4
Как только вернулся отец, поспешили сесть за стол, и нашлось по граммульке. Перед тем как выпить, отец что-то долго говорил, обращаясь к нему и чуть помахивая в такт словам зажатой в руке рюмкой, а Ивачев, немного принужденно улыбаясь, делал вид, что ему это интересно. Отец любил говорить тосты, разнообразием они не отличались, особыми вывертами не блистали и сводились, в сущности, к пожеланию здоровья и успехов да еще к выражению уверенности в том, что праздничная чаша есть необходимое возлияние богам, без которого они вовсе отвернутся от пренебрегающих ими людей. Ивачев полагал, что слова ценны постольку, поскольку в них содержится что-либо новое, неслыханное раньше; в словах же отца ничего нового не было, да и реплики матери новизной не отличались. Он делил себя между ними и растущим желанием оказаться скорее возле Веры, ел торопливо и то и дело прислушивался к нагрудному карману: там? Да, они были там, и это было, по-видимому, правильно. Как только они оказались у него в руках, что-то переменилось и в нем самом, и в окружающем. Если прежде он хладнокровно размышлял о том, что будет недурно переделать эти бирюльки, знакомые с детства, в сережки и брошь для жены (такие сережки и такую брошь, каких сам он ей никогда в жизни, видимо, не сможет купить, и, значит, она будет вынуждена обходиться без них - а разве это справедливо?), то теперь, когда запонки лежали в кармане, подобный проект представлялся дичью несусветной, и было непонятно, как мог он если не породить его, то с ним согласиться.

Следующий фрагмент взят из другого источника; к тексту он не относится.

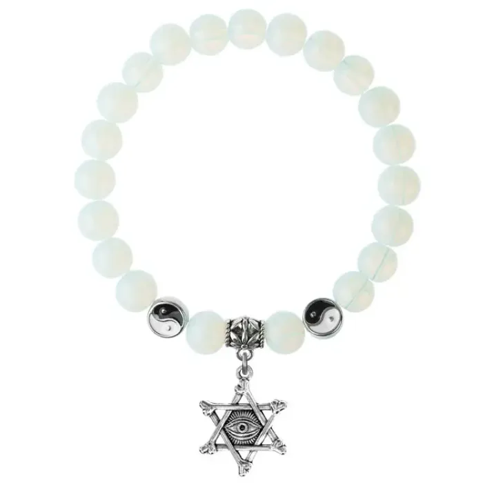 Браслет-амулет из синтетического опалита (лунного камня) с подвеской из бижутерного сплава.

Отец включил телевизор, и через минуту, выплыв из небытия черного экрана, разноцветные музыканты принялись резко и часто, с нерегулярными взбрякиваниями рубить что-то чавкающее в погромыхивающей лохани. Прожектор гулял по ним, как слепой по лесу, то и дело натыкаясь на очередное дерево и некоторое время ощупывая его в надежде установить, тополь это или дуб. Потом он нашарил певицу, вылепив ее лицо плоским и широким. Она стояла молча и раскачивалась с боку на бок, шевеля обтянутыми бедрами. Лицо ее становилось все более и более напряженным, и вот в какой-то одной ей известный момент она приподнялась на цыпочки и, поднеся ко рту черную фигулину микрофона, мучительно крикнула, точь-в-точь как если бы ее за миг до этого зарезали. Пела она до пота старательно и трудно, каждый звук давался ей непросто, и, глядя на нее, Ивачев подумал, что пение - это, в сущности, тяжелая работа.
- Знаешь, отец, - сказала мать, глядя на Ивачева. - Сын-то у нас совсем взрослый. Я ему твои запонки отдала.
Ивачев внутренне напрягся, приготовляясь к тому, чтобы выслушать несколько заведомо известных ему фраз о том, что следует беречь, как следует беречь и для чего. Он еще не знал, что в жизни вообще нет ничего неслыханно нового и говорят люди друг с другом не для того вовсе, чтобы передать известные им сведения, а всего лишь чтобы в очередной раз признаться в любви.
- Мои? - удивился отец. - Наши. Ну и правильно. Нечего им тут валяться. Дай-ка мне кусочек хлеба.
- И куда ты столько хлеба мнешь, - заметила мать, - ешь вон лучше овощи.
Ивачев знал, что скажет мать, и точно - это она и сказала. Похоже, в жизни действительно не было ничего неслыханно нового и, быть может, не предполагалось с самого начала. Всегда прежде подобная мысль вызывала в нем неприятное чувство, в котором было и возмущение по тому поводу, что его хотят принудить к жизни, в которой нет ничего неслыханно нового, отчего она выглядит тусклой и поношенной, и жалость и превосходство над теми, кто, по его разумению, живет такой жизнью. А сейчас она легла спокойно, словно нашлось вдруг в душе место, специально для нее предназначенное. Раньше места не было, а теперь вдруг нашлось: незаметно для него калейдоскоп повернулся на долю градуса, узор обрушился и снова восстал, но уже не таким, каким был секунду назад; место нашлось, и эта мысль легла верно и крепко, как ложится чистый, ядреный, без единого скола кирпич в послушно раздавшуюся и приобнявшую его подушку свежего раствора.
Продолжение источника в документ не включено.